# [Your goal]
Only one stretch of the data below is needed. Output the lines from the one with "LG 선발은 좌완 송승기, 한화 선발은 우완 와이스" up to and including the one with "ye Fly Away |", exactly as they stand.
··· Data under study
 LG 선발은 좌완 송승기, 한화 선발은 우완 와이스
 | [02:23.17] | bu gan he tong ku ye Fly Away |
······
··· Data under study
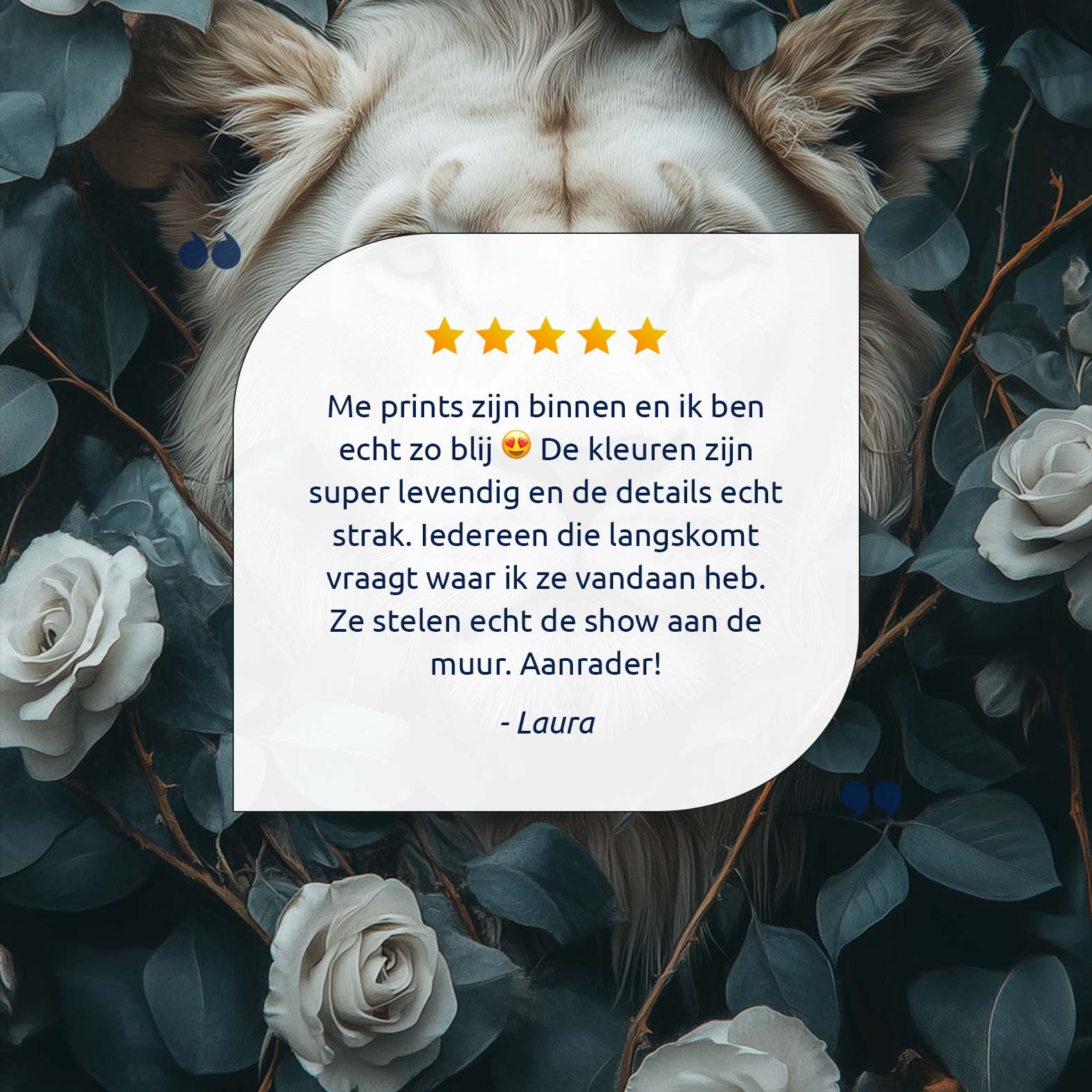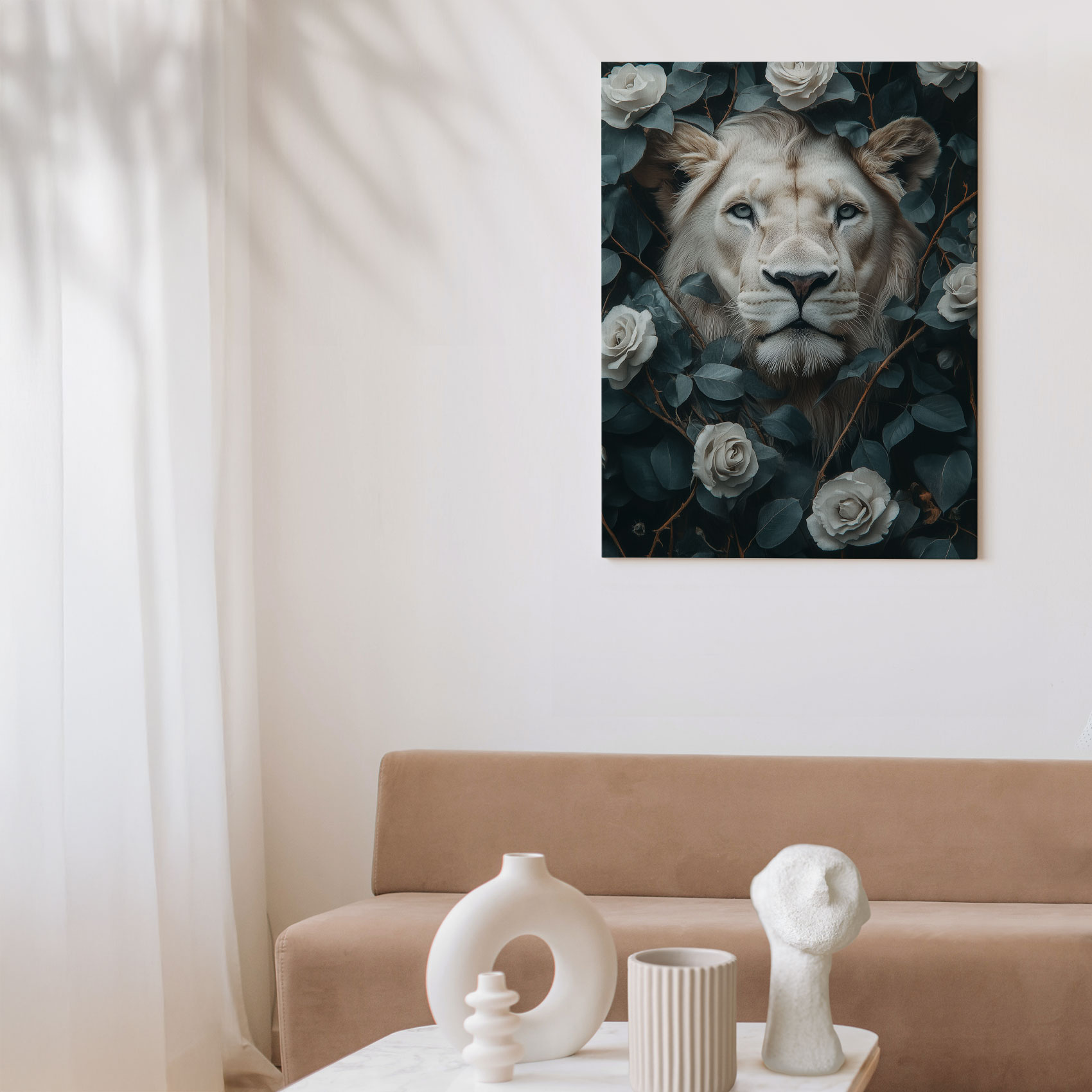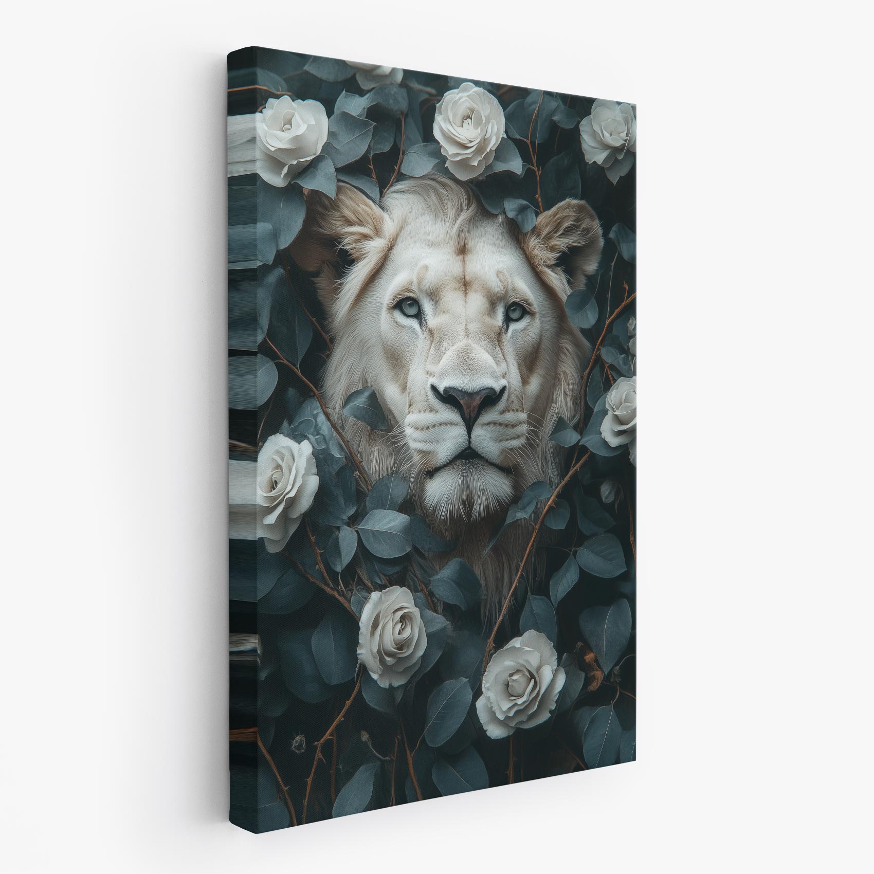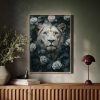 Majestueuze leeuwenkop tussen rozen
······
# [Result for this exercise]
 LG 선발은 좌완 송승기, 한화 선발은 우완 와이스
 | [02:23.17] | bu gan he tong ku ye Fly Away |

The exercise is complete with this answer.